The drawing in of her breath is answer enough. I in turn, looked at her in realisation that the beauty we beheld there, was a total reflection of her.

'This is the picture I will always cherish in my weakest days and you should too Sam, the beauty of something new, no matter what happens.'

She looked at me and said the horizon is the reflection of all the little rays within my eyes when she looks at me. She breathed in deeply and exhaled with a sigh. She was quiet when we got back home. My mother scolded us saying that I must never be so careless again; going away without telling her where we were. I apologised, not wanting anything to disturb my inner peace.

'You need to rest. In fact, both of you look like you need it. Young lady, into the house with you! Jordi, you have me for company because I am working from home today.'

Just like that, Sam obeyed my mom, but sent me a text to thank me for running away with her. I talked to my mom about what happened yesterday, and today.

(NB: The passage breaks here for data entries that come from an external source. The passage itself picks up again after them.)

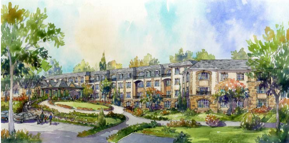
Exhibit 4-10c of the DEIS: Alternative G View from Cove Road

Visual evaluations from Delancey Cove for the Alternative G found in Appendix C Figures present the full build (Four Stories) and reduced three and two story versions as photo simulations inserted into a winter landscape (no leaves). The full four-story Alternative G is comparable with the magnitude of adjacent structures and is buffered by the existing tree line which extends well above the roof. The reduced story alternatives step below other structures in the viewshed and are further hidden by existing trees.
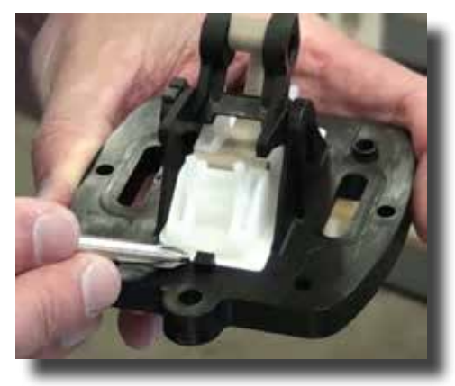
Step 13: Next, position the slider so that the small tooth touches the stop.
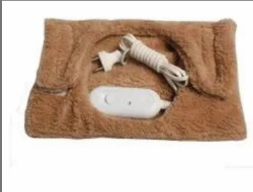
Krien Care Electric Knee Heating Pad
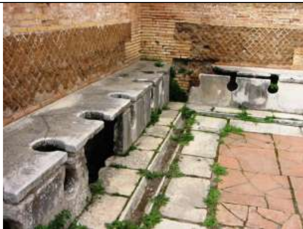
Ostia public toilets

Geoff then went to consider what the Romans were actually like. Although Rome had been transformed by Augustus after the chaos of the period of four emperors 68-69AD people still lived in very crowded conditions and Rome was very violent by our standards. Augustus set up urban cohorts of about 1500 men to combat mobs and violent gangs and the paramilitary vigilis of about 4000 men who were firemen and a night watch. He reminded us that women weren't even citizens. The empire was designed to preserve the privileges of the elite. There was huge social inequality that became worse with time and over half the population was on the edge of starvation. Violence was a part of life, whether the crucifixion of 6000 slaves along the Appian Way in 71BC after the defeat of the Spartacus revolt or the casual massacre of anybody who resisted conquest and this included every live creature in Carthage in 210BC. And of course we have the coliseum, the recreational choice for the average Roman, where they could enjoy watching indiscriminate slaughter for fun. And as for their personal habits they did not have the same concepts of privacy, which is a modern concept something invented in the 18 th or 19 th century.
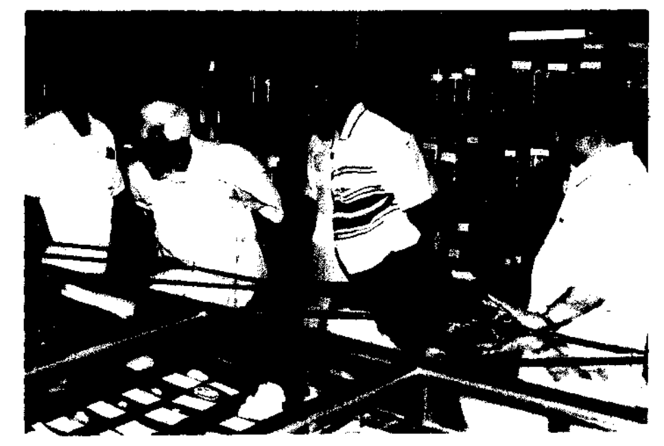
Honourable Minister Shri. Hukumdeo Narayan Yadav viewing the specimens kept at the museum at Mandapam

CMFRI has succeeded in the attempt of cultivating agar yielding seaweed, Gracilaria edulis in the near shore areas of Njarakkal, in Ernakulam District. Few selected plants, out of those collected from Mandapam, Tamil
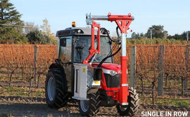
SINGLE IN ROW
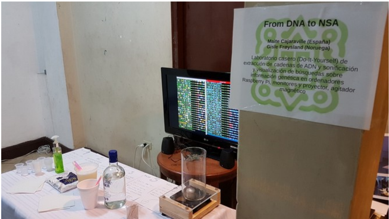
Zona Escena | Baquerizo Moreno 519 y Mendiburo – Exhibition
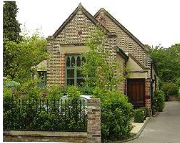
12A Chapel Street (former Victorian Infants School)

Five tall, narrow window openings to the right side of the main range. Three hipped dormers to west side. Iron railings on low dwarf wall to front.
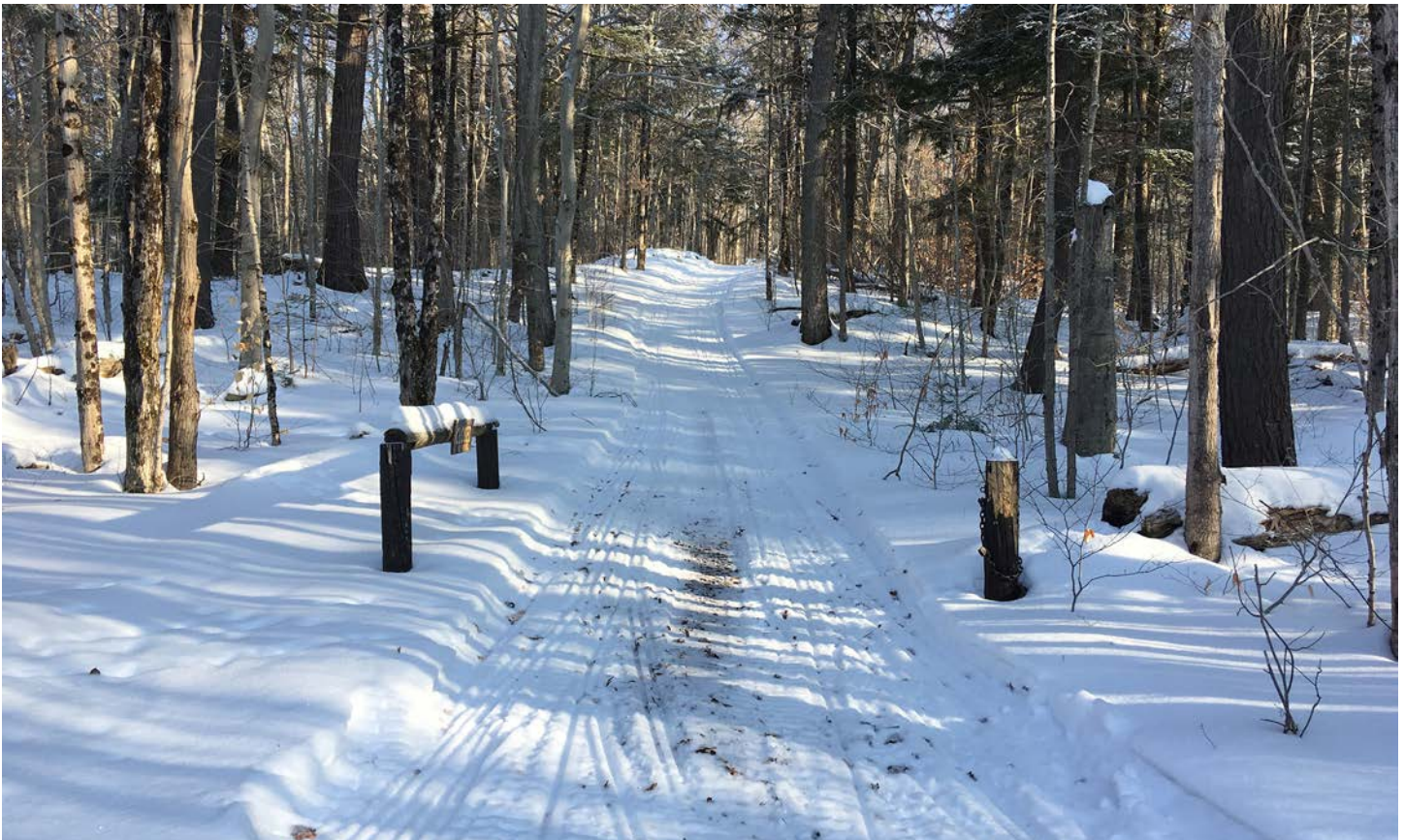
The top picture shows a sign on the Seventh Lake Mountain Trail at the intersection of the Eighth Lake Campground. The picture above shows the groomed Seventh Lake Mountain Trail running east from the Eighth Lake Campground intersection. This picture shows a trail that is groomed, open, and being used by snowmobiles. Pictures taken on January 31, 2022.

'Mom, can I have your blessing? We want to get married. I know I am not eighteen yet, but know what I want.'

'Did you ask Sam first before you spoke with me?' I had to laugh and her confusion made it even worse.

'Yes, I did Mother, actually she was the one that asked, and I said, yes. Even my son was happy when I told him just now.'

'Oh, my word! What a poor excuse to get me to agree, Jordi. You were always the clown. Marriage should not be taken lightly, though.'

'I know Ma, but it will never be like yours. We already love each other and what are the chances that I will get divorced? Before she may consider it, we will already be separated by death.'

I knew that shocked her deeply, but she just listened.

'I just want to do everything possible before I die, so will you please help me? Some people have all the time in the world to plan the perfect wedding and life thereafter. Time is not really my friend, Mother. I need to outrun time for everything to be perfect and to leave the memories I will create, behind. I am counting my blessings here, because I know my time is drawing near.'

She looked at me and asked how soon?

I answered: 'as soon as possible.' Sam went back to her dad's company; she was not working in his department, so that helped at least with any possible tension. I didn't want her to have any contact with him, because it must have been very hard on her. She loved her parents; I knew that. I also know it was mostly her stubborn streak and also the fact that she didn't give up on anything no matter how hard it became. So I just had to be okay with her following through with her internship.

We got married in a private setting. Both Sam's parents were invited, but neither replied, so we guessed they were not happy with the outcome. It was amazing how we adapted so fast. It never felt wrong to be so young and married!